━━ STORED DATA

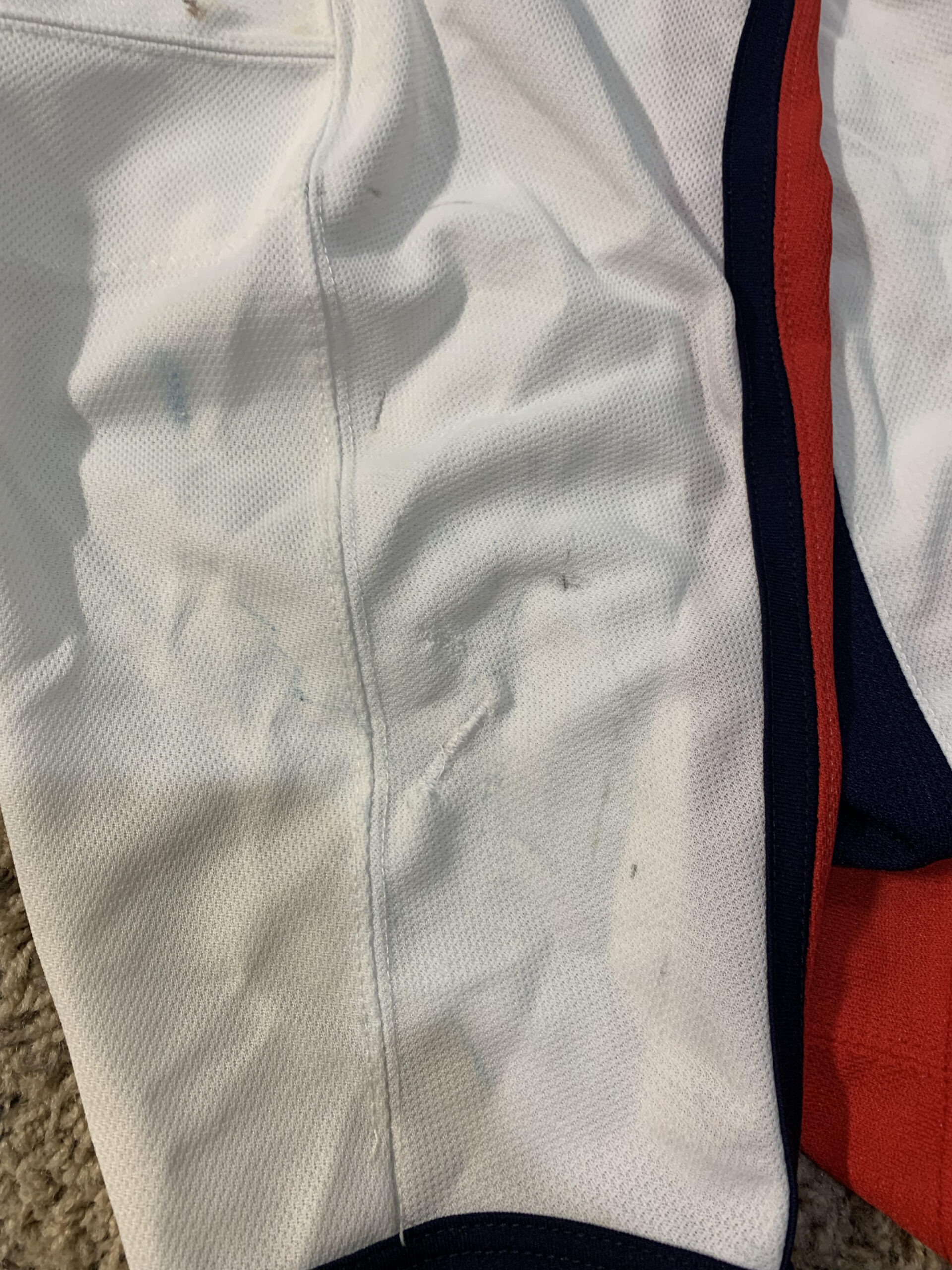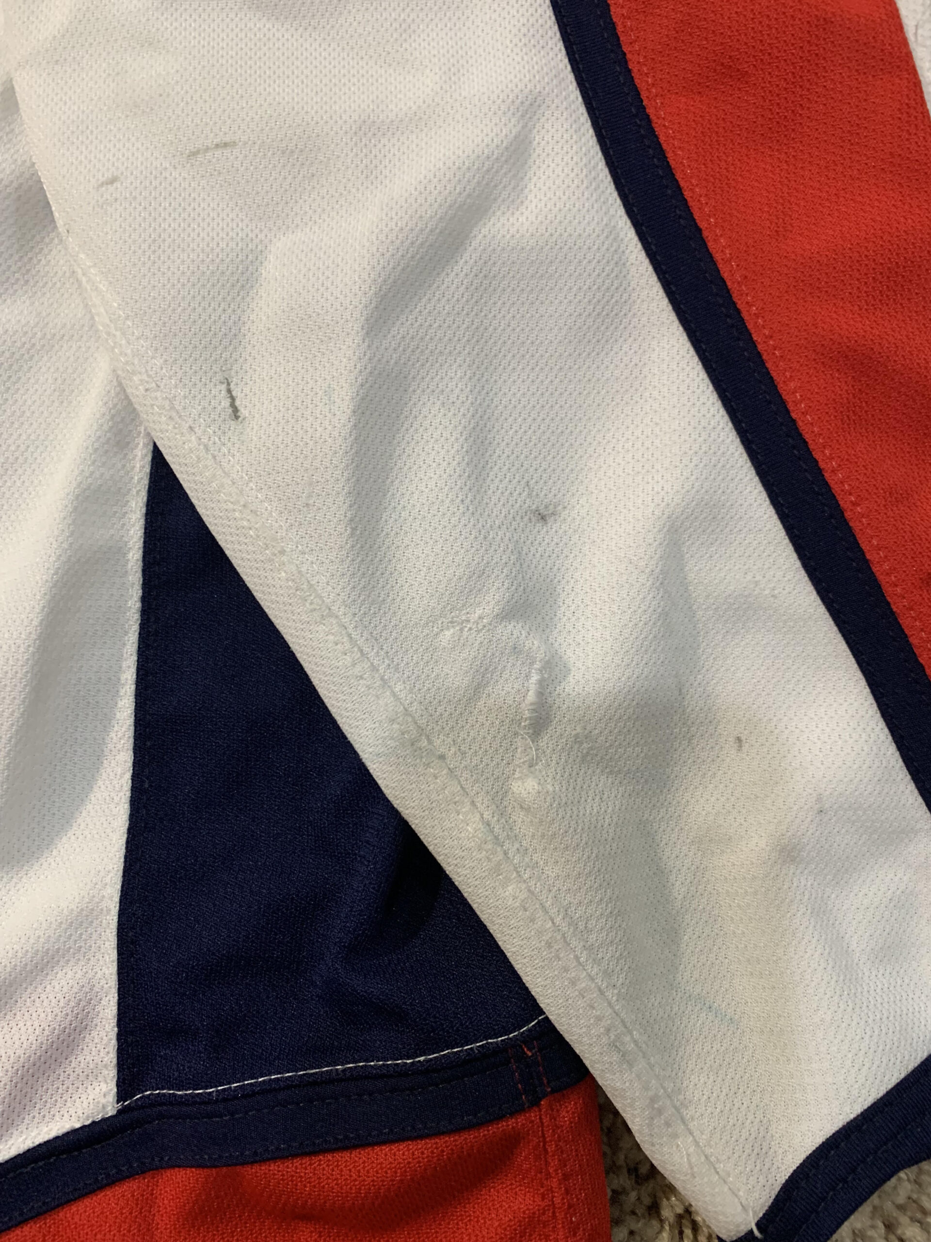 - jersey shows game use with two team sew repairs on each sleeve with board burns and stick/puck marks
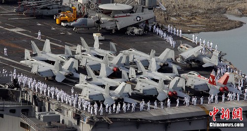 這次名為“不屈意志”的聯(lián)合軍演是從25日清晨開始的,美國(guó)海軍“喬治·華盛頓”號(hào)航空母艦、號(hào)稱“亞洲最大”的韓國(guó)“獨(dú)島”號(hào)運(yùn)輸艦、“文武大王”號(hào)和“崔永”號(hào)韓國(guó)型驅(qū)逐艦、韓美兩國(guó)潛水艇等韓美艦艇當(dāng)天陸續(xù)離開停泊的釜山港和鎮(zhèn)海港,前往韓國(guó)以東的日本海會(huì)合。除20多艘艦艇外,美國(guó)最新型F-22“猛禽”戰(zhàn)斗機(jī)和韓國(guó)F-16、F-15K等200多架飛機(jī)參加了本次演習(xí),韓美投入的兵力達(dá)到8000多人。
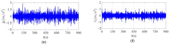 Time history samples of top response: (a) displacement in the y direction, UH = 30 m/s; (b) displacement in the x direction, UH = 30 m/s; (c) displacement in the y direction, UH = 80 m/s; (d) displacement in the x direction, UH = 80 m/s; (e) acceleration in the y direction, UH = 80 m/s; and (f) acceleration in the x direction, UH = 80 m/s.

━━━━

Please set down every line of the data above precisely, dropping the images.

 - jersey shows game use with two team sew repairs on each sleeve with board burns and stick/puck marks
 這次名為“不屈意志”的聯(lián)合軍演是從25日清晨開始的,美國(guó)海軍“喬治·華盛頓”號(hào)航空母艦、號(hào)稱“亞洲最大”的韓國(guó)“獨(dú)島”號(hào)運(yùn)輸艦、“文武大王”號(hào)和“崔永”號(hào)韓國(guó)型驅(qū)逐艦、韓美兩國(guó)潛水艇等韓美艦艇當(dāng)天陸續(xù)離開停泊的釜山港和鎮(zhèn)海港,前往韓國(guó)以東的日本海會(huì)合。除20多艘艦艇外,美國(guó)最新型F-22“猛禽”戰(zhàn)斗機(jī)和韓國(guó)F-16、F-15K等200多架飛機(jī)參加了本次演習(xí),韓美投入的兵力達(dá)到8000多人。
 Time history samples of top response: (a) displacement in the y direction, UH = 30 m/s; (b) displacement in the x direction, UH = 30 m/s; (c) displacement in the y direction, UH = 80 m/s; (d) displacement in the x direction, UH = 80 m/s; (e) acceleration in the y direction, UH = 80 m/s; and (f) acceleration in the x direction, UH = 80 m/s.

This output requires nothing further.